= DIRECTIONS FOR THIS TASK =
The answer must repeat every record exactly, with no pictures in it.

*** EXERCISE INPUTS Section Begins ***

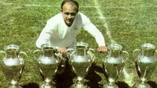 Alfredo Di Stefano sinh ngày 4/7/1926. Sự nghiệp và danh tiếng của ông gắn liền với CLB Real Madrid. Ông là cầu thủ ghi bàn xuất chúng thứ hai của Real với 216 bàn trong 282 trận đấu ở La Liga trong giai đoạn 1953-1964. Cùng với đội bóng Hoàng gia Tây Ban Nha, Stefano giành rất nhiều danh hiệu trong đó có 8 chức vô địch Tây Ban Nha và 5 lần liên tiếp đoạt Cup châu Âu từ 1955-1960.
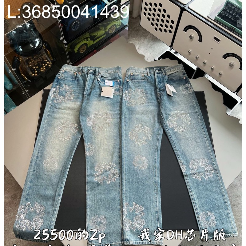 • V공장 크롬하츠 무라카미 타카시 큐빅 꽃 청바지 라이트 블루
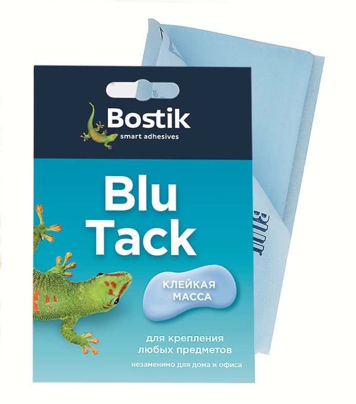 Bostik Blu Tack (Бостик Блю Так) — клейкая масса для крепления различных предметов. Легко удаляется, не оставляет следов. Позволяет прикреплять и удерживать множество предметов, не делая дырок ни на поверхности, ни на прикрепляемом материале. Идеально подходит для: прикрепления плакатов, рисунков; фотографий, декоративных материалов, презентаций, карт, сообщений и т.д. удерживания на месте и крепления телефона и счетной машинки к столу, колонок к полу, горшков, различных предметов к полкам и т.д. создания и крепления частей макетов; подходит для крепления к любым поверхностям: виниловые обои, окрашенные поверхности, дерево, стекло, металл, пластмасса, фарфор и т.д.
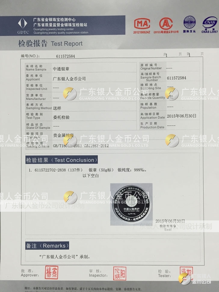 廣東銀人金幣公司承接客戶個(gè)性化定制的金銀幣、金銀章、金銀條、金銀牌、金銀盤均由國(guó)家質(zhì)監(jiān)部門、嚴(yán)格檢測(cè)、權(quán)威鑒定:
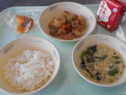 11月6日の献立は,「ごはん・牛乳・筑前煮・かきたま汁・柿」でした。
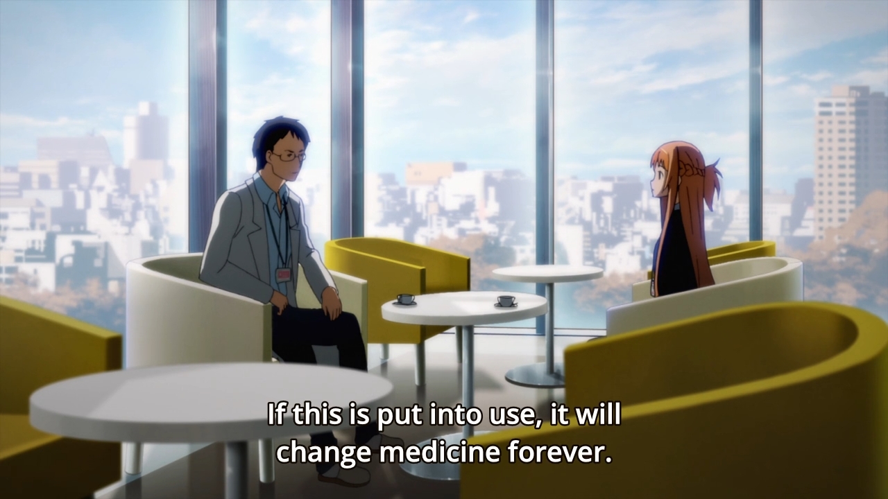— Awwwww yeeeeeeeah, exposition about the Medicube-thingamajig! That’s what I watch Sword Art Online for! Exposition about made-up technology!

*** EXERCISE INPUTS Section Ends ***

= SOLUTION TO THE EXERCISE =
 Alfredo Di Stefano sinh ngày 4/7/1926. Sự nghiệp và danh tiếng của ông gắn liền với CLB Real Madrid. Ông là cầu thủ ghi bàn xuất chúng thứ hai của Real với 216 bàn trong 282 trận đấu ở La Liga trong giai đoạn 1953-1964. Cùng với đội bóng Hoàng gia Tây Ban Nha, Stefano giành rất nhiều danh hiệu trong đó có 8 chức vô địch Tây Ban Nha và 5 lần liên tiếp đoạt Cup châu Âu từ 1955-1960.
 • V공장 크롬하츠 무라카미 타카시 큐빅 꽃 청바지 라이트 블루
 Bostik Blu Tack (Бостик Блю Так) — клейкая масса для крепления различных предметов. Легко удаляется, не оставляет следов. Позволяет прикреплять и удерживать множество предметов, не делая дырок ни на поверхности, ни на прикрепляемом материале. Идеально подходит для: прикрепления плакатов, рисунков; фотографий, декоративных материалов, презентаций, карт, сообщений и т.д. удерживания на месте и крепления телефона и счетной машинки к столу, колонок к полу, горшков, различных предметов к полкам и т.д. создания и крепления частей макетов; подходит для крепления к любым поверхностям: виниловые обои, окрашенные поверхности, дерево, стекло, металл, пластмасса, фарфор и т.д.
 廣東銀人金幣公司承接客戶個(gè)性化定制的金銀幣、金銀章、金銀條、金銀牌、金銀盤均由國(guó)家質(zhì)監(jiān)部門、嚴(yán)格檢測(cè)、權(quán)威鑒定:
 11月6日の献立は,「ごはん・牛乳・筑前煮・かきたま汁・柿」でした。
— Awwwww yeeeeeeeah, exposition about the Medicube-thingamajig! That’s what I watch Sword Art Online for! Exposition about made-up technology!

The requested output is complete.